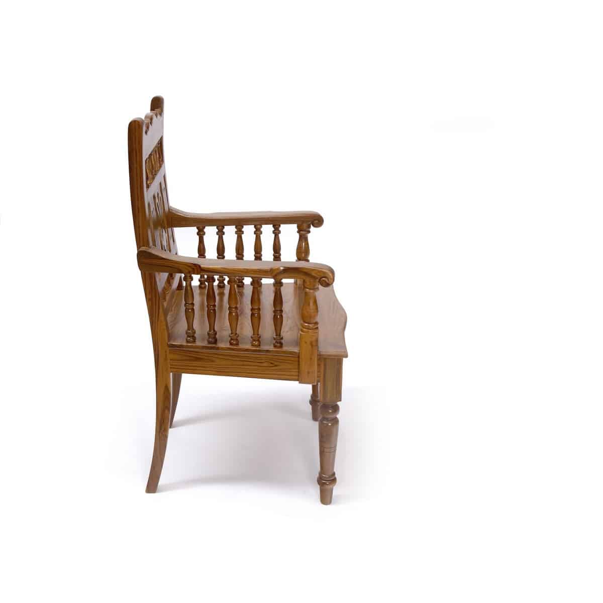 Natural Tone Intricate Royal Carved Chair South Indian if this is not royal – we aren’t sure what is! The intricate carving on this brightly polished teak wood chair will take your breath away as you run your fingers over the nooks and crevices of this piece. You can bring this chair home and place two of them next to each other and a painting in between to do up the foyer or living room.
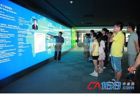 對臺達集團有了一定了解之后,南京工程學院師生一行人來到大樓的展廳參觀。臺達展廳展出了臺達在自動化、新能源、網(wǎng)絡動力、軌道交通等領域的最新技術和產(chǎn)品。學生們對于這些產(chǎn)品表現(xiàn)出了極大的興趣,他們有的仔細研讀方案介紹,有些積極提問,紛紛用自己的方式珍惜這個難能可貴的參觀學習機會。
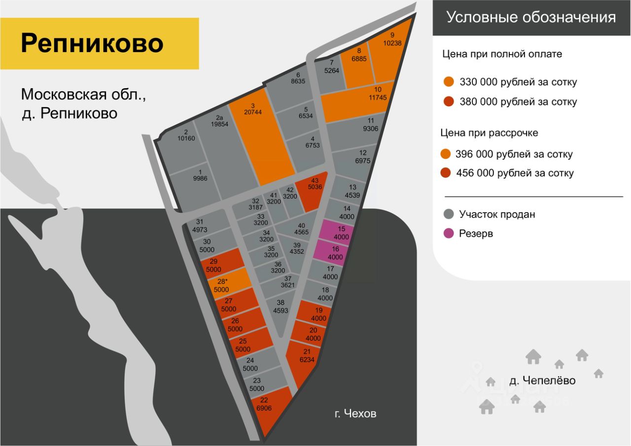 Земельный участок 2.07 Га расположен в 50 километрах от МКАД в Чеховском районе Московской области рядом с деревней Репниково. Удобное расположение между автомобильными дорогами федерального назначения Большим и Малым Московским Кольцом (А-108 и А-107). От ЦКАД 20 км. Отличный круглогодичный подъезд по новой асфальтированной дороги без светофоров и ж\д переездов прямо до участка. Прямой официальный съезд с шоссе.
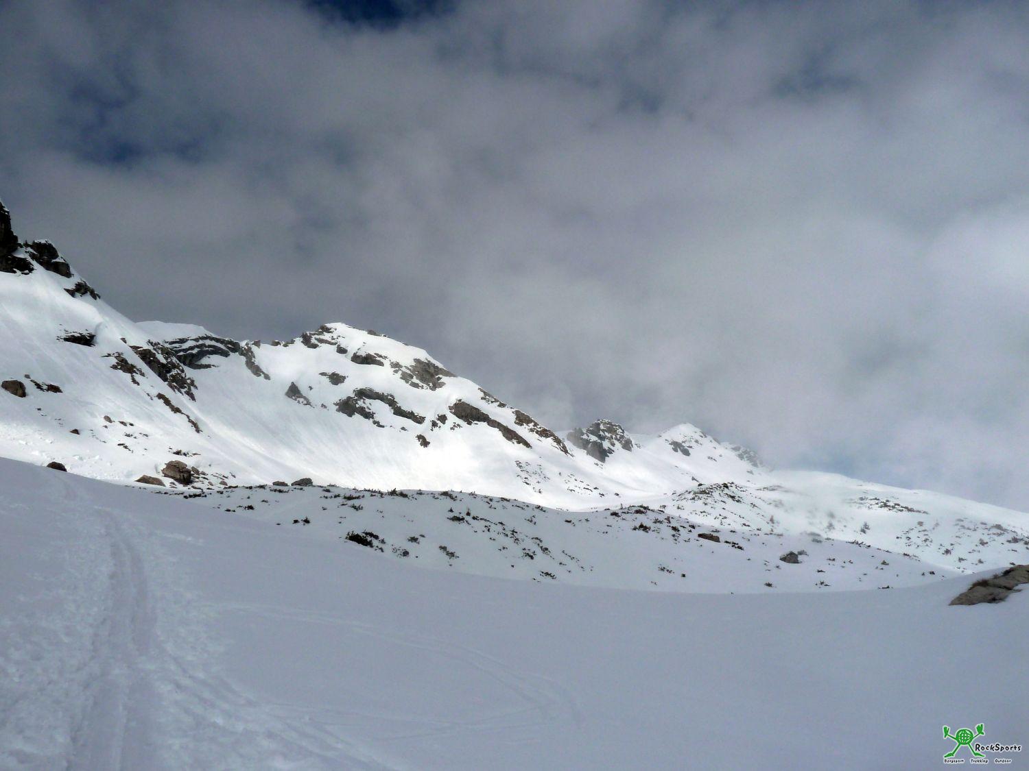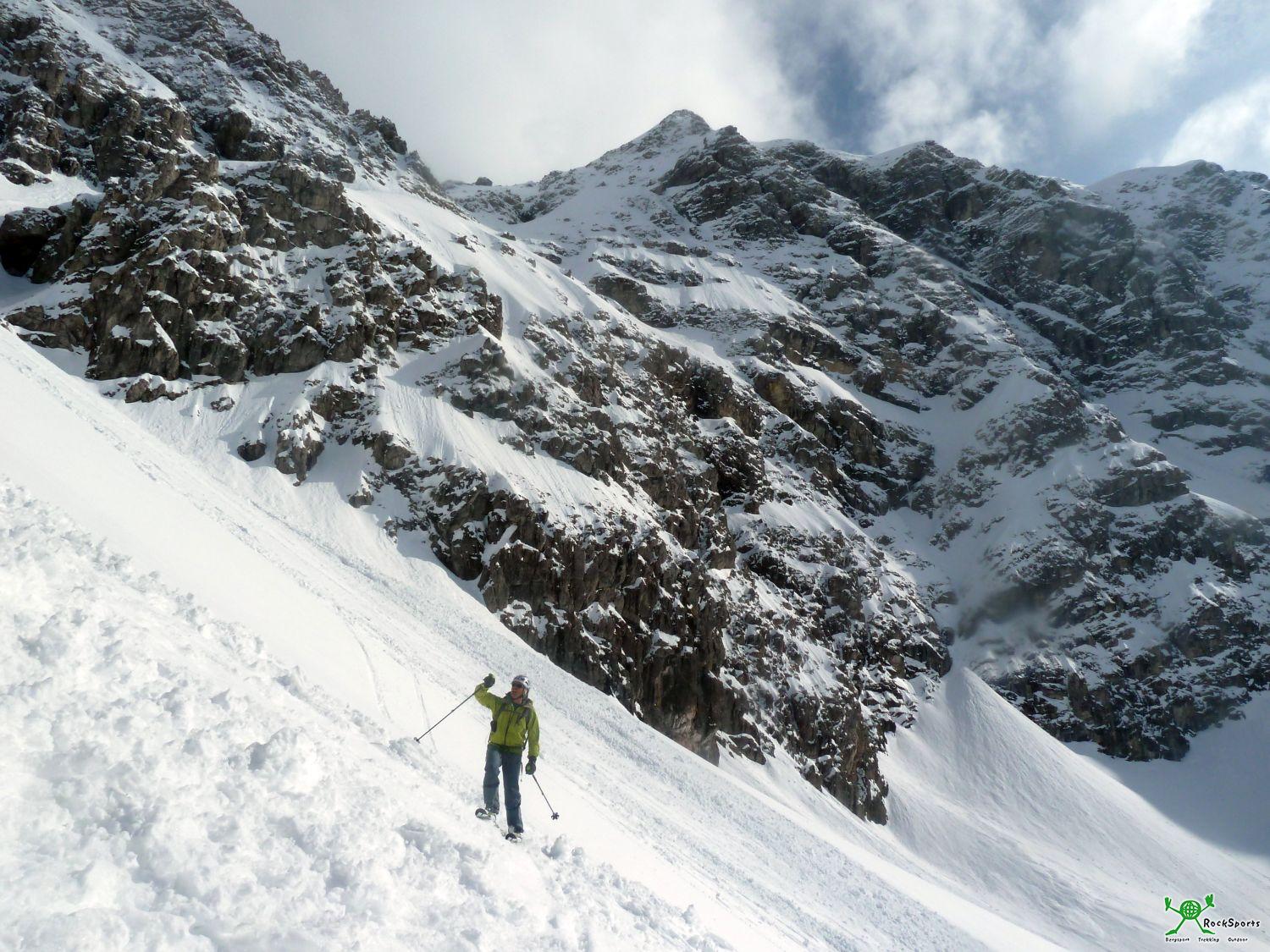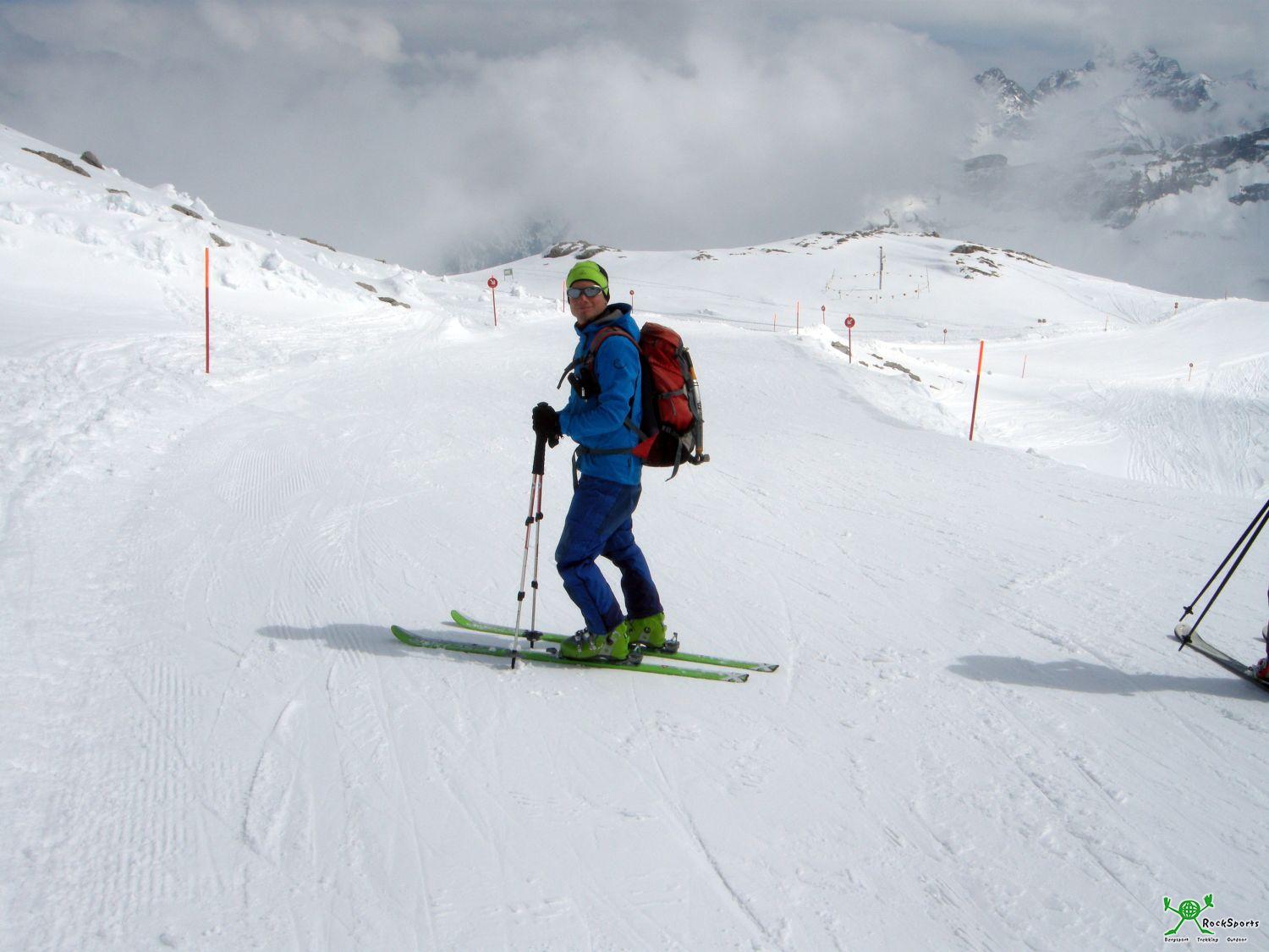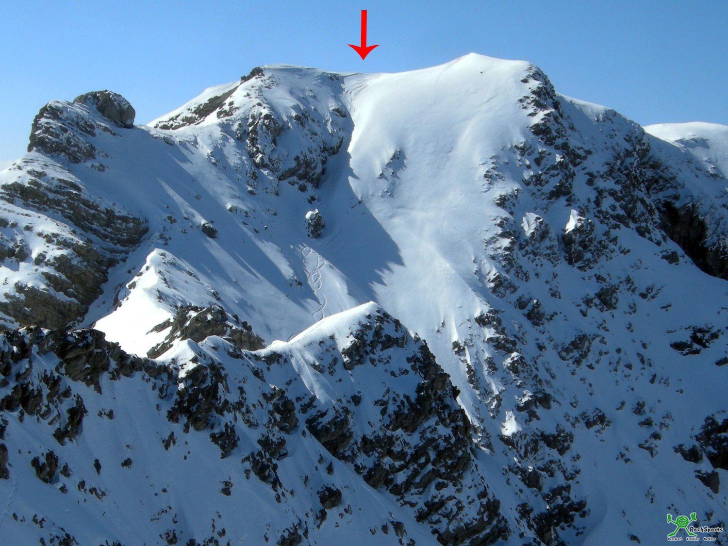 Nach dieser kurzen Klettersteig Einlage geht es problemlos über flache Südhänge zum Gipfel des Großen Daumen (2280 m). Um nun die Einfahrt zur Nordabfahrt zu erreichen bleibt man direkt am Grat und quert rüber in Richtung Kleiner Daumen. Die Einfahrt befindet sich in der Gegend wo der Grat steiler in die Scharte zwischen Großem und Kleinem Daumen abbricht.

• [Problem to solve]
All of the data above should be quoted exactly, except for the pictures.

• [Written solution]
 Natural Tone Intricate Royal Carved Chair South Indian if this is not royal – we aren’t sure what is! The intricate carving on this brightly polished teak wood chair will take your breath away as you run your fingers over the nooks and crevices of this piece. You can bring this chair home and place two of them next to each other and a painting in between to do up the foyer or living room.
 對臺達集團有了一定了解之后,南京工程學院師生一行人來到大樓的展廳參觀。臺達展廳展出了臺達在自動化、新能源、網(wǎng)絡動力、軌道交通等領域的最新技術和產(chǎn)品。學生們對于這些產(chǎn)品表現(xiàn)出了極大的興趣,他們有的仔細研讀方案介紹,有些積極提問,紛紛用自己的方式珍惜這個難能可貴的參觀學習機會。
 Земельный участок 2.07 Га расположен в 50 километрах от МКАД в Чеховском районе Московской области рядом с деревней Репниково. Удобное расположение между автомобильными дорогами федерального назначения Большим и Малым Московским Кольцом (А-108 и А-107). От ЦКАД 20 км. Отличный круглогодичный подъезд по новой асфальтированной дороги без светофоров и ж\д переездов прямо до участка. Прямой официальный съезд с шоссе.
 Nach dieser kurzen Klettersteig Einlage geht es problemlos über flache Südhänge zum Gipfel des Großen Daumen (2280 m). Um nun die Einfahrt zur Nordabfahrt zu erreichen bleibt man direkt am Grat und quert rüber in Richtung Kleiner Daumen. Die Einfahrt befindet sich in der Gegend wo der Grat steiler in die Scharte zwischen Großem und Kleinem Daumen abbricht.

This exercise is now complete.